■ **PROVIDED RECORDS**:
+++++
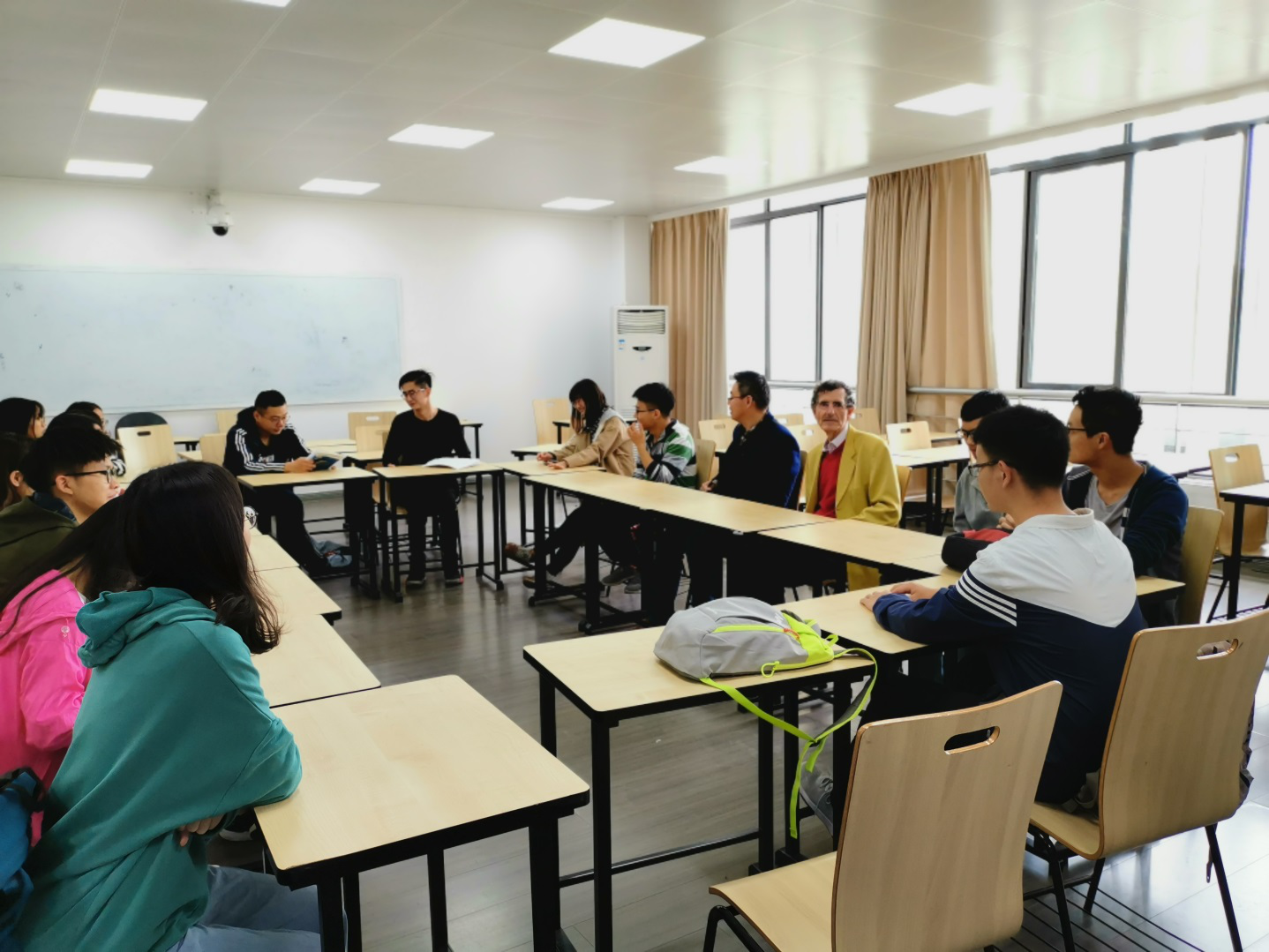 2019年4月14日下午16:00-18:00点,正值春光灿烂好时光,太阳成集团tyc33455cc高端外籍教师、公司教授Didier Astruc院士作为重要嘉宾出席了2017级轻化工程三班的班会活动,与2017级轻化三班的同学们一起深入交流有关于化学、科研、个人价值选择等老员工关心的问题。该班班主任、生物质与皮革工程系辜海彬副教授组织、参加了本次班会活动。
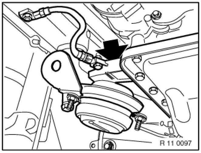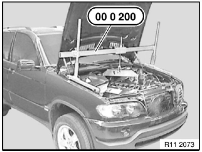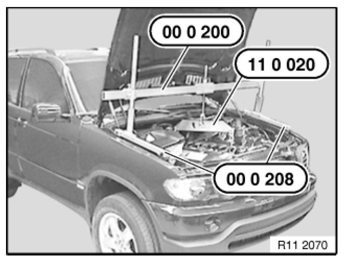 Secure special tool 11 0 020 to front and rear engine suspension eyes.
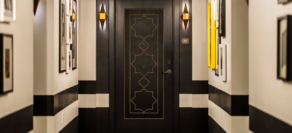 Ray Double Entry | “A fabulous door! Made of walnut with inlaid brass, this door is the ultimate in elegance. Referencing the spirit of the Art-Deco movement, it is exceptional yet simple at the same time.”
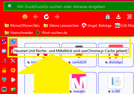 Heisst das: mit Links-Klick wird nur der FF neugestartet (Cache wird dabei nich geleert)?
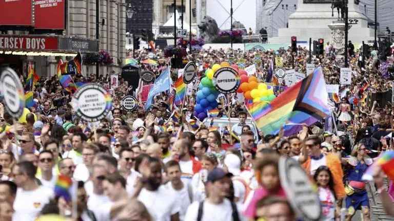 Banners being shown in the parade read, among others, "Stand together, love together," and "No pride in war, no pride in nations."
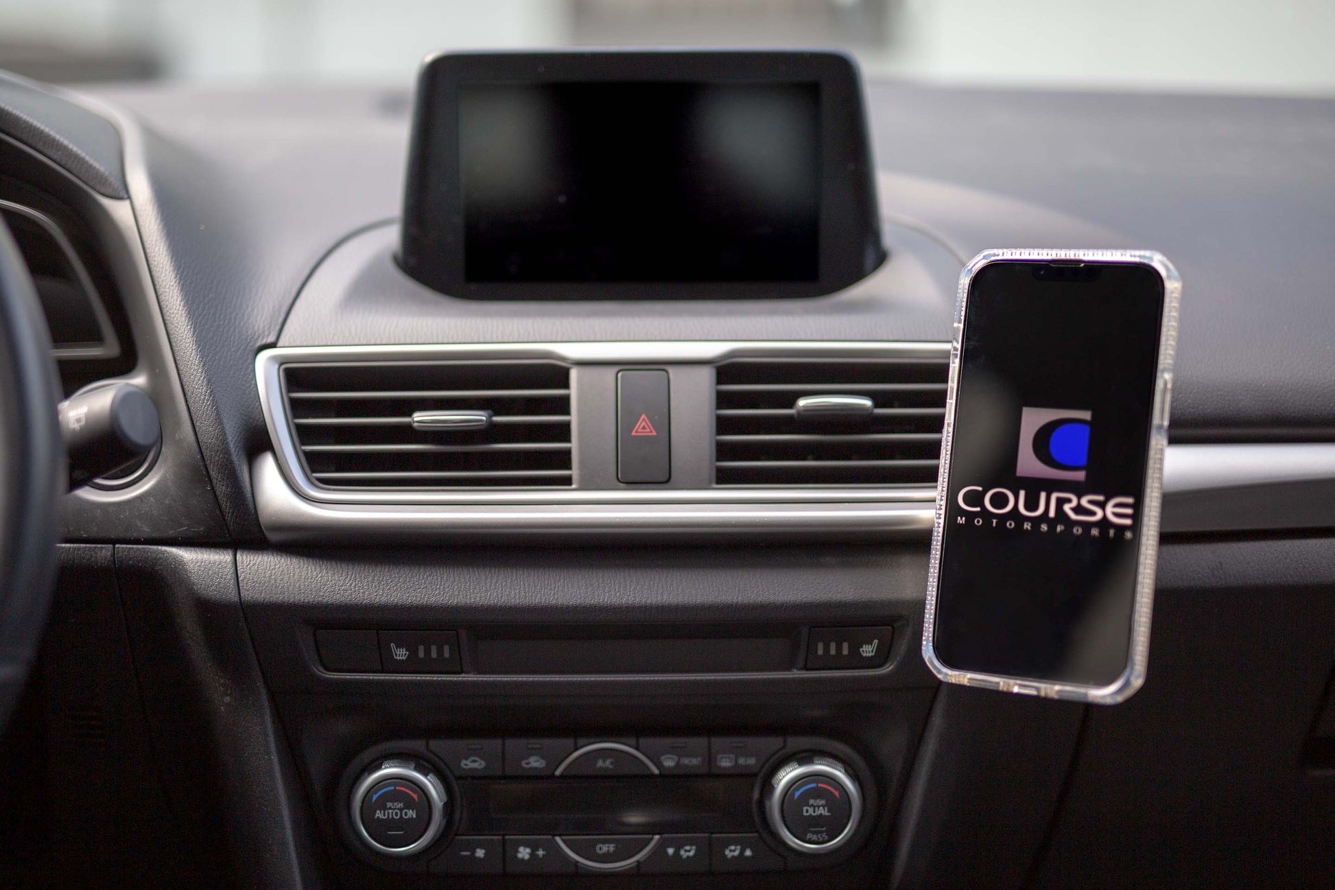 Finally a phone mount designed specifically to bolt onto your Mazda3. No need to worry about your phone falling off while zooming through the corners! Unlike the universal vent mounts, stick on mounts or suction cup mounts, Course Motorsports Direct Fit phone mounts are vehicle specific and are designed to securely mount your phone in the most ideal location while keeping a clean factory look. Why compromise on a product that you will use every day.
+++++
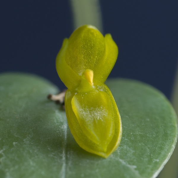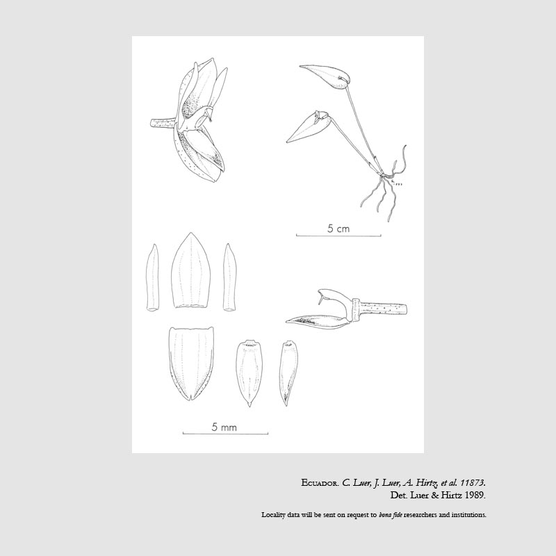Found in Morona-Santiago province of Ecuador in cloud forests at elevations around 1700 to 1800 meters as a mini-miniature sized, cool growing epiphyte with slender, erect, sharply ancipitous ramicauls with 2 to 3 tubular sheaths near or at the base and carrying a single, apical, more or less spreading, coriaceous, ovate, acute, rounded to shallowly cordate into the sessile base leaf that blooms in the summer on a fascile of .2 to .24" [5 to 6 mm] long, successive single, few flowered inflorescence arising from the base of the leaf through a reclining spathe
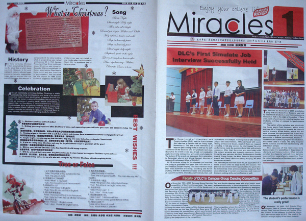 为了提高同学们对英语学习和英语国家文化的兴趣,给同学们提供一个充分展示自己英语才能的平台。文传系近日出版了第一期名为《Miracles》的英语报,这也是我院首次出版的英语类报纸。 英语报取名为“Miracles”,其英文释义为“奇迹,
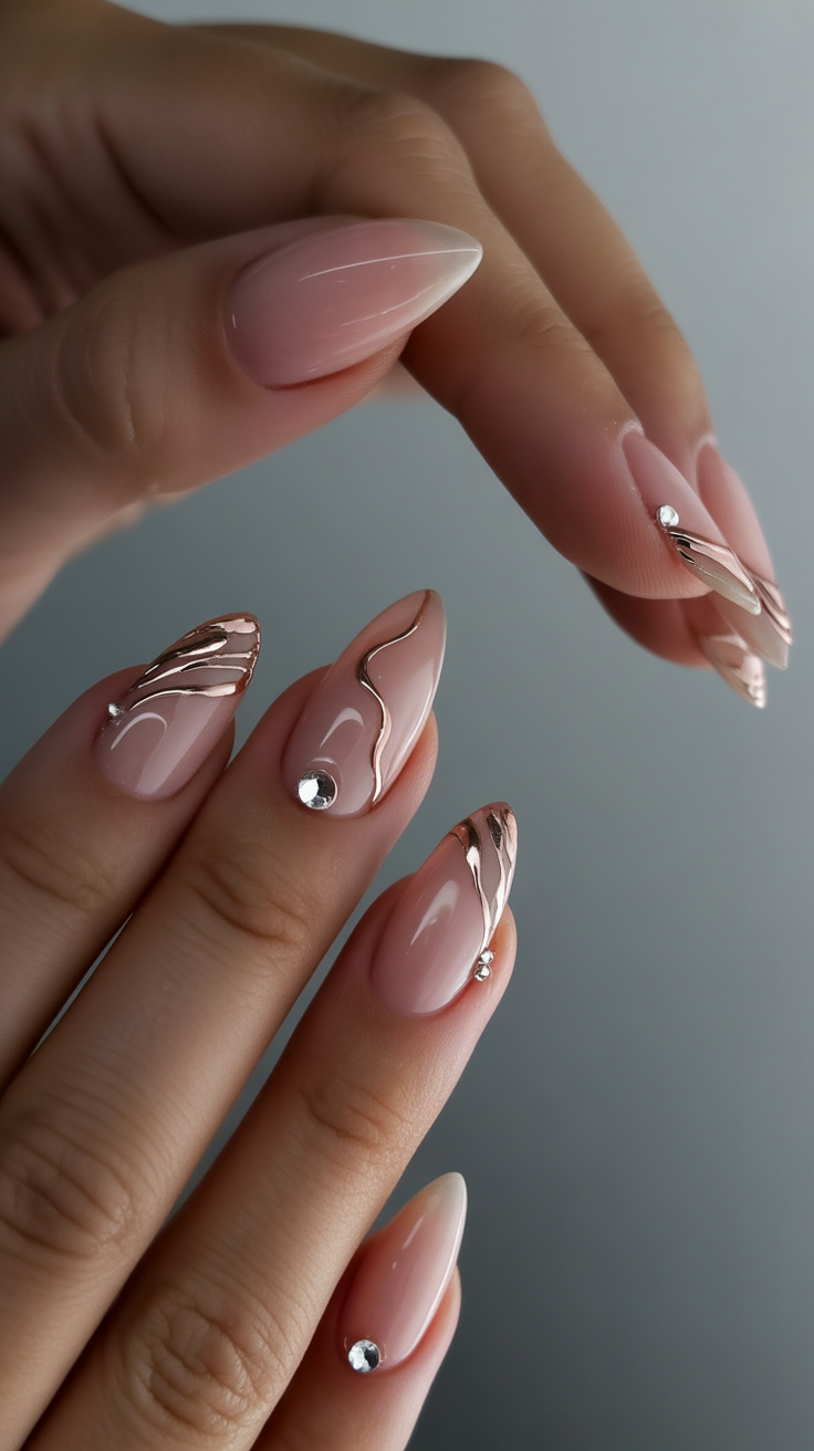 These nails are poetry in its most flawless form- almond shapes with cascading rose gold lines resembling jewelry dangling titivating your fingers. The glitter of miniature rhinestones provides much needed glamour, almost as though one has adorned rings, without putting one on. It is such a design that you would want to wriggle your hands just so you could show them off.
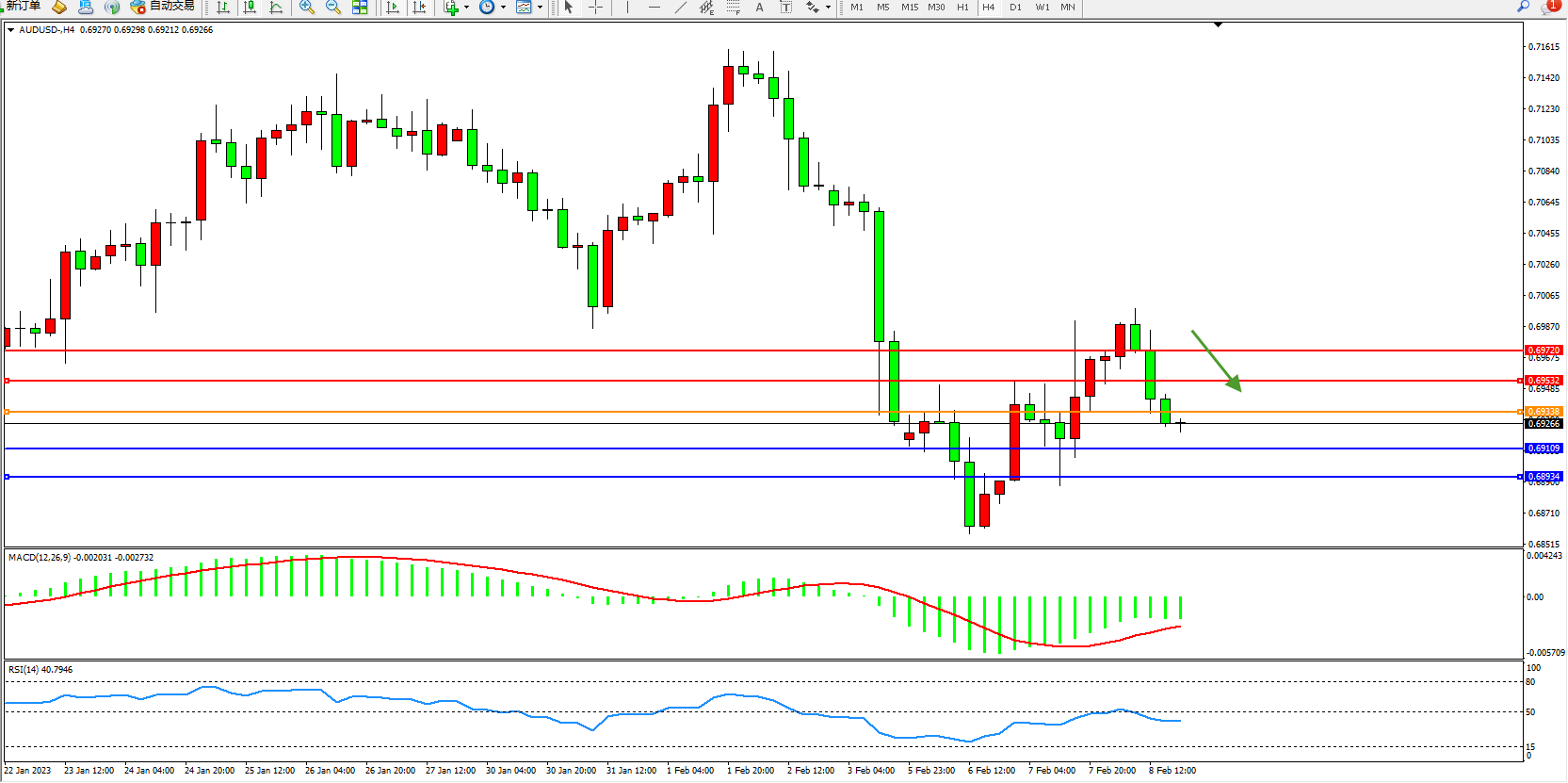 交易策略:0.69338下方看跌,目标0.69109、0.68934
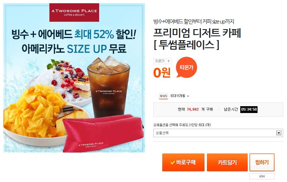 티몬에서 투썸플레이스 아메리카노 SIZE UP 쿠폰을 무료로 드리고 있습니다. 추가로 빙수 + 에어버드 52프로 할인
+++++
Everything between and including the line above containing "Banners being shown" and the line containing "Finally a phone" should be reproduced exactly, with pictures excluded.

■ **SOLUTION FOR THIS PROBLEM**:
 Banners being shown in the parade read, among others, "Stand together, love together," and "No pride in war, no pride in nations."
 Finally a phone mount designed specifically to bolt onto your Mazda3. No need to worry about your phone falling off while zooming through the corners! Unlike the universal vent mounts, stick on mounts or suction cup mounts, Course Motorsports Direct Fit phone mounts are vehicle specific and are designed to securely mount your phone in the most ideal location while keeping a clean factory look. Why compromise on a product that you will use every day.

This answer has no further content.